Not all faculty members are opposed to the appointment. Chapel Hill released a quote from Leslie Parise, a professor and chair of its department of biochemistry and biophysics who is UNC-Chapel Hill faculty chair, supporting Guskiewicz.

“I have known Kevin well for many years and I know he will make an excellent leader for the University,” it said. “As a faculty member, Dean of the College, and accomplished researcher, Kevin has shown his ability to work across schools and departments and lead with both compassion and critical thought. I know he has the very best interests of our students, faculty and staff in mind and his energy and focus will serve us well.”

The system president, Roper, consulted with many stakeholders -- alumni, students, faculty and staff -- before appointing Guskiewicz, said a spokesman, who termed reaction since the appointment “overwhelmingly positive.”

It should be noted that Guskiewicz is stepping into a difficult position. Folt’s departure was highly controversial.
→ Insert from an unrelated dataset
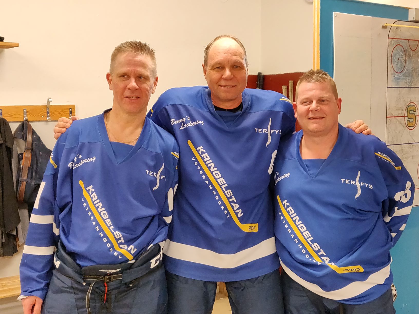+50 - SDEDags för A-lagsmatch mot SDE och det fanns ett par händelser som vi på läktarplats såg fram emot lite extra, Jander ska få göra sin A-lagsdebut efter att ha gjort ett flertal starka träningar och enligt rykten även ha tjatat en hel del på coachen och Dala ska göra sin 300:de match i Kringelstan något som bara legendarer som Bros och Tony kommit upp i tidigare.När matchen startar vill Dala visa att det inte är någon tillfällighet att han har gjort så många matcher och redan efter 24 sekunder skickar han in 1-0 assisterad av Jocke, vilt jubel på läktaren och det tar lite tid innan matchen kan återupptas efter alla hyllningar. Kringelstan fortsätter i samma stil och när klockan hunnit ticka fram ytterligare fem minuter så kommer 2-0, Kenta vinner en tekning klockrent bak till Nibbe som elegant skjuter förbi täcket i bortre burgaveln. Det verkar nästan gå lite för lätt för Kringelstan börjar slarva gång efter annan i egen zon och bjuder SDE på ett antal frilägen men som tur är finns Larsson där bak och han tänker inte bjuda dem på någonting. 12:50 in i matchen spelar Nibbe och Olle en klassisk back – back pass i mittzon innan Olle hittar Valle med en passning vid offensiv blå och han kan komma in längs vänsterkanten och skjuta in 3-0. Efter femton minuters spel kommer reduceringen och det är förvånande nog isens mest rutinerade spelare som slår en ”indianare” som SDE spelaren förvaltar på bästa sätt när han skickar iväg en projektil rätt upp i Larssons plockhandskryss. 4-1 hinner komma innan periodpausen och då är det Tony som först verkligen krigar ut pucken ur egen zon innan han tillsammans med Jocke är med och spelar fram Bros som skickar in en backhand i nätmaskorna. Andra perioden är överlag mycket sämre men några händelser vid målen sticker ut, 5-1 kommer efter att Olle (isens mest rutinerade spelare) får pucken vid blå av Peter och han tar ett par skär fram trycker upp skottet i nättaket bakom en helt chanslös SDE målvakt. Vid 5-2 så är det hemmalagets mest orutinerade spelare som blir varse om att A-lagshockey är något annat än han varit med om tidigare då han blir tunnlad av en motståndare, vilken är samma spelare som gjorde deras första och han skickar även den här gången upp en projektil i samma maska som förra gången. När SDE i slutet av matchen får chansen i powerplay tar man även ut keepern men då får Jander (hemma lagets mest orutinerade spelare) chansen att briljera när han kan lägga in sitt livs första A-lagsmål genom att prickskjuta från egen zon in i öppen kasse, han såg mäkta stolt ut när pressen släpptes in i omklädningsrummet och han tilldelades pucken. Skotten vinns med 35-19 men överlag är det ändå en ganska slarvigt genomförd match även om den såg ut att genomföras på ett ganska vänskapligt sätt lagen emellan. En liten märklig detalj var att i början av andra perioden så var det ingen som verkade få med sig pucken och efter att domarna hade blåst av spelet visade det sig att pucken inte var av bästa märke, är inte det något som ett helt fullsatt sekretariat ska ha koll på? //Sportbladets utsände

Margaret Spellings left the system presidency in January after less than three years amid long-simmering governance tensions. Some see a power vacuum at the top and are suspicious of it being filled by outspoken conservatives on the Board of Governors and an athletic department that still needs to win back trust after two decades of no-show classes that benefited many athletes.

It’s unlikely candidates were clamoring for the job in such circumstances.

Guskiewicz, though, has expressed interest in being a candidate to hold the chancellor job permanently. Both the chancellor and system president are “on record” saying the Silent Sam monument should not be on campus, Roper said, addressing at least one major issue.

Smith acknowledges that in many ways Guskiewicz would have looked like an obvious choice under the circumstances. He’s a longtime faculty member who knows the institution and has been a dean at a time when the pool of candidates likely wasn’t deep.

“But those sensible reasons don’t trump the very deep concerns that I have,” Smith said.